Сказки из подполья (Нурушев) - страница 40

— Еще раз объясняю, — слегка кипятясь и начиная выходить из себя, говорил он, раздраженно теребя пуговицы, презрительно поблескивая жгучими глазами, — твоя дочь мертва! Помочь уже нельзя!

Он быстро наклонился и схватил кисть девочки.

— Пощупай сам! — и его тонкие и яркие, будто накрашенные, губы скривились. — И пойми наконец!

— Но как это может?! — отец девочки словно очнулся и всплеснул руками. — Утром же бегала!

И, не слушая новых объяснений, он обхватил голову и застонал. Красавец-аристократ в сердцах плюнул, повернулся к толпе и вроде бы печально улыбнулся, но глаза поблескивали по-прежнему презрительно.

— Не в моих это силах. Если бы мог хоть что-то… — он развел руками. — Но я не Господь. Готовьте лучше к погребению.

И поправил волосы, изящно и небрежно. А отец девочки опустился у скамейки и закрыл лицо.

— Эй, Иаир, — продребезжал чей-то старческий голос, — верно человек говорит. Иди обмой дочь. Слезами горю не поможешь.

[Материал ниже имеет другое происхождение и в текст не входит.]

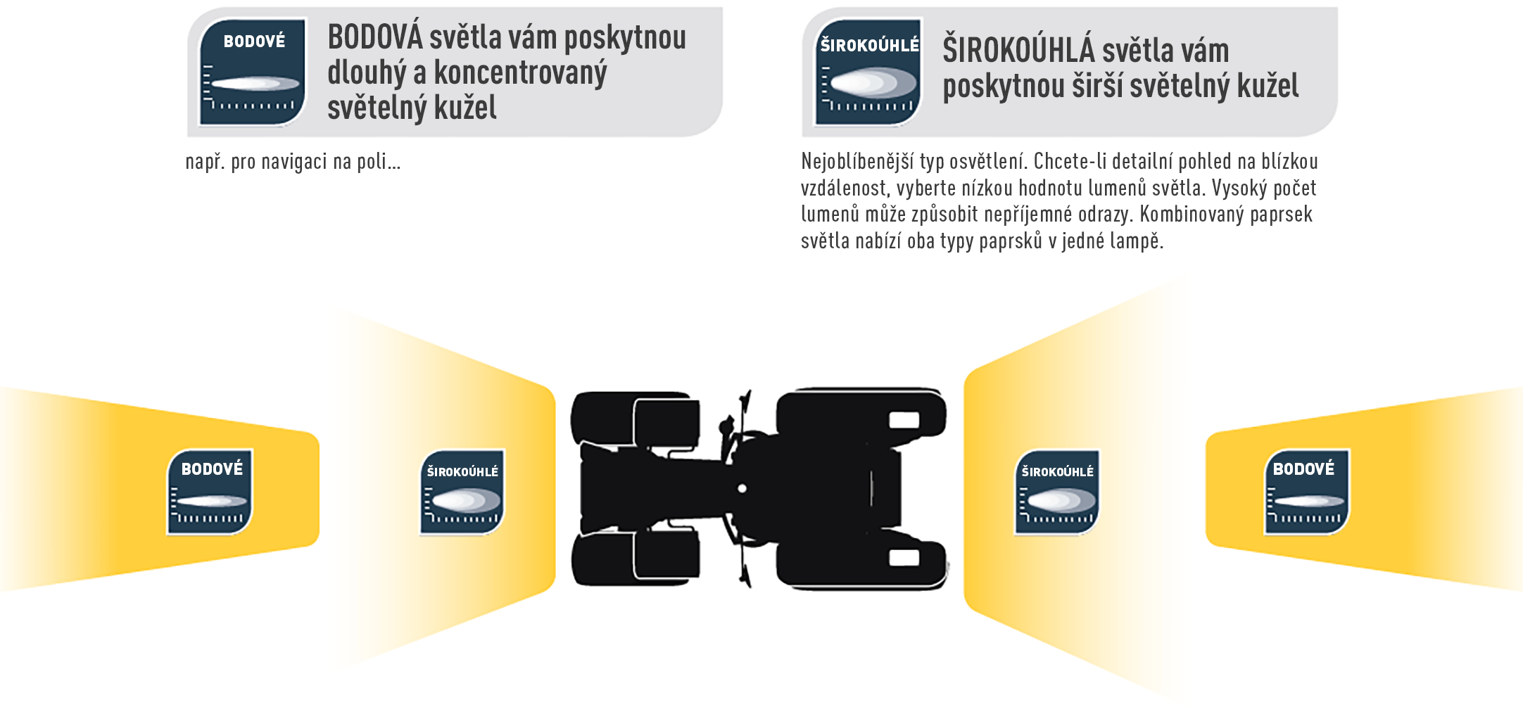 Širokoúhlé pracovní světlo, nebo také světlo se širokým kuželem, nabízí široký světelný kužel pro osvětlení velké plochy na krátkou vzdálenost. Tato lampa je velmi užitečná například tehdy, kdy požadujete dobrý výhled na pole nebo pro provoz stroje. Lampa se širokým kuželem je vhodná také pro pomalu se pohybující vozidla, protože osvětluje prostor kolem vozidla a zajišťuje tak dobrý výhled do okolí. Širokoúhlé světlomety jsou užitečné, i když kolem vozidla pracují vaši kolegové. Světlo v okolí zajišťuje zvýšenou viditelnost, a proto i vyšší bezpečnost pro vás a další pracovníky. Při určitých činnostech, jako jsou zemní práce, může být vhodné použití speciálních pracovních světel s tzv. nepřímým světlem. Tyto lampy zabraňují oslnění při práci v blízkosti světelného zdroje.

— Верно! — загудела толпа. — Теперь похоронить надо как подобает.

— А вот и святой отец. Он-то сейчас и нужен.

Я понял, что появился монах. Толпа качнулась и расступилась, — это был и впрямь он, под локоть со спутником. Монах чуть приосанился, хоть, видно, слегка и робел.

— Что случилось, братья мои? — смущенно смотрел он на людей, но, войдя в круг, всё понял.

Монах скорбно покачал головой и, пробормотав под нос молитву, быстро перекрестился. Толпа сразу смолкла, словно ожидая от него еще чего-то. Тут-то всё и началось: послышался тихий, но уверенный голос:

— Что смущаетесь и плачете? Девица не умерла, но спит.

Я удивленно обернулся. И, пораженный, замер — передо мной невозмутимо стоял… спутник монаха!

— Т-т-ты? — только и пролепетал я и растерянно развел руками.

А он, небрежно рассыпав волосы по плечам, спокойно смотрел на меня, а на губах — та самая улыбка, то ли горькая, то ли, напротив, странным образом счастливая.

— Она не умерла…

Я вновь вздрогнул от голоса, которого раньше никогда не слышал.

— …она спит.

Будто очнувшись, толпа зашумела, загалдела.

— Спит? Ха, она спит! — надрывался кто-то в задних рядах. — Ну коли спит, то я еще не родился!

Стоявший рядом старик с куцей бородкой зашелся булькающим смехом; многие же, помня о приличии, лишь сдержанно улыбались. Но спутник монаха, не обращая внимания, подошел к Иаиру и утешающе положил на плечо руку.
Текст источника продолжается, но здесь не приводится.